20 years ago, delta kick cooling (DKC) was proposed [1,2] and demonstrated [3,4,5] as a fast technique for cooling quantum gases. Originally conceived using classical arguments, DKC uses a combination of long-time free expansion and conservative forces to reduce temperature at the expense of spatial density, and hence preserves phase-space density. Despite its now common use in ultracold atomic systems, standard DKC is suitable only to the extent that these systems obey approximately classical, non-interacting dynamics. What does DKC look like for a quantum, interacting system? In this talk, I will discuss recent work [6] that introduces an exact approach to DKC for arbitrary scale-invariant dynamics of quantum gases. This modified DKC extends our understanding of ‘kicked cooling’ beyond the limits of free evolution and non-interacting systems. We study the control of quantum gases in time-dependent harmonic traps that can be either repulsive (inverted) or confining. We show that DKC assisted by a repulsive potential outperforms the conventional scheme, and that DKC combined with sudden trap-frequency jumps is a time-optimal protocol, in the limit of instantaneous kicks.

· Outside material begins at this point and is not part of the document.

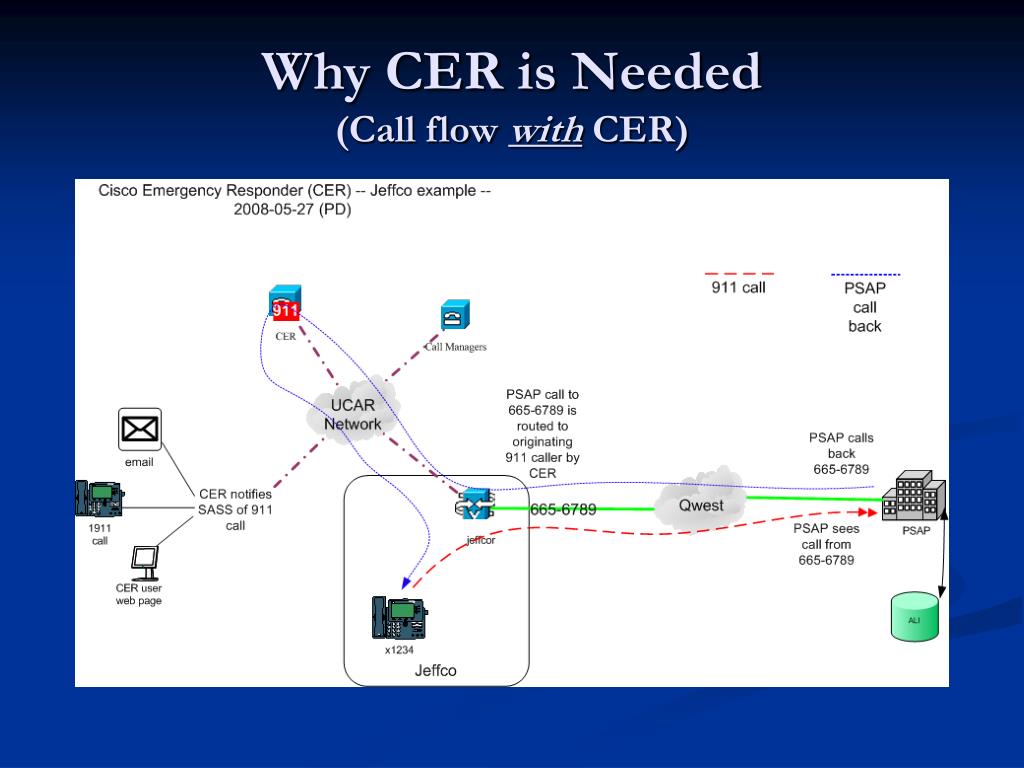 What is CER? • Cisco Emergency Responder • An application running on a pair of servers (primary and hot standby) that provide emergency service personnel with the call back and location information of the caller.

[1] Chu, S., Bjorkholm, J. E., Ashkin, A., Gordon, J. P., & Hollberg, L. W. (1986). Proposal for optically cooling atoms to temperatures of the order of 10^−6 K. Optics Letters, 11(2), 73.
[2] Ammann, H., & Christensen, N. (1997). Delta Kick Cooling: A New Method for Cooling Atoms. Phys. Rev. Lett.

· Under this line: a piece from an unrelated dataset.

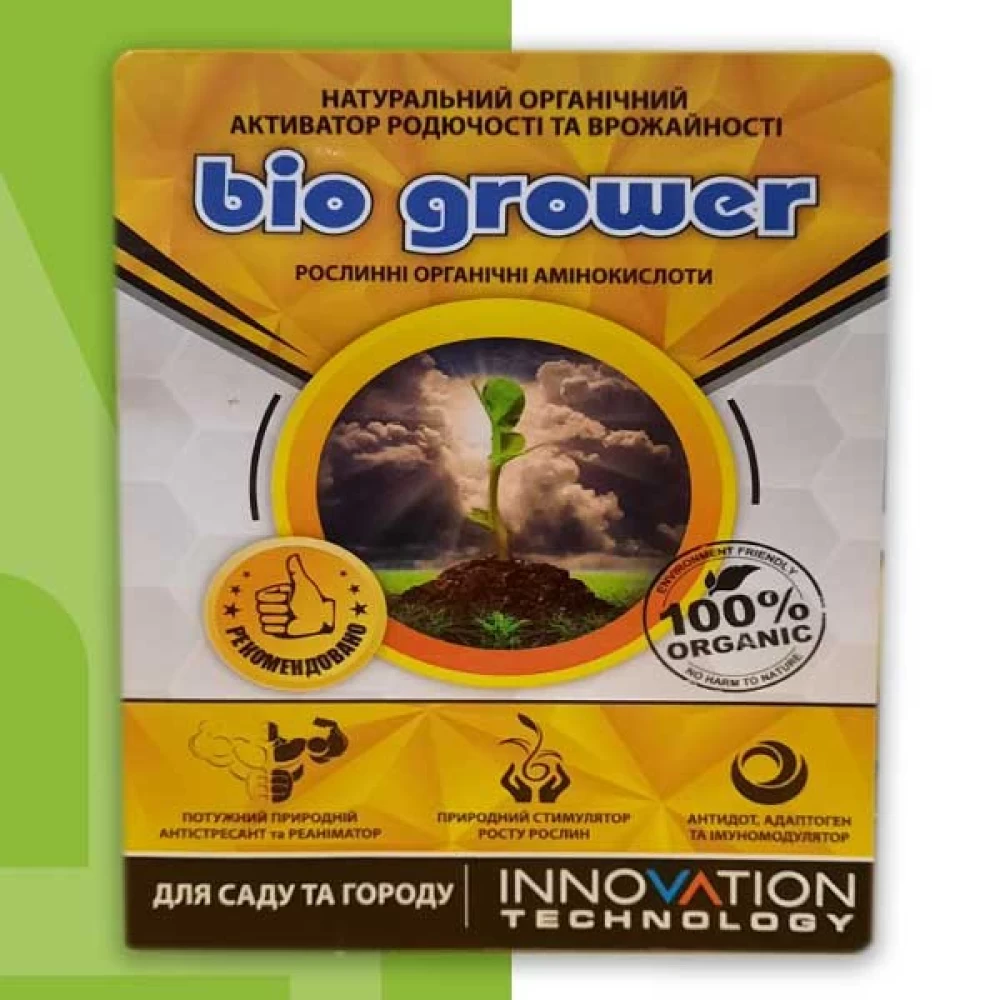 Bio Grower (Біо Гровер) — іноваційний продукт серед регуляторів та активаторів росту рослин, містить натуральні природні компоненти, без синтетичних домішок.

[3] Maréchal, E., Guibal, S., Bossennec, J.-L., Barbé, R., Keller, J.-C., & Gorceix, O. (1999). Longitudinal focusing of an atomic cloud using pulsed magnetic forces. Physical Review A.
[4] Myrskog, S. H., Fox, J. K., Moon, H. S., Kim, J. B., & Steinberg, A. M. (2000). Modified ``δ-kick cooling’’ using magnetic field gradients. Phys. Rev. A.
[5] Aoki, T., Kato, T., Tanami, Y., & Nakamatsu, H. (2006). δ-kick cooling using the Ioffe-Pritchard potential. Phys. Rev. A.
[6] Dupays, L., Spierings, D. C., Steinberg, A. M., & del Campo, A. (2021). Exact Delta Kick Cooling, Time-Optimal Control of Scale-Invariant Dynamics, and Shortcuts to Adiabaticity Assisted by Kicks, arXiv:2104.00999.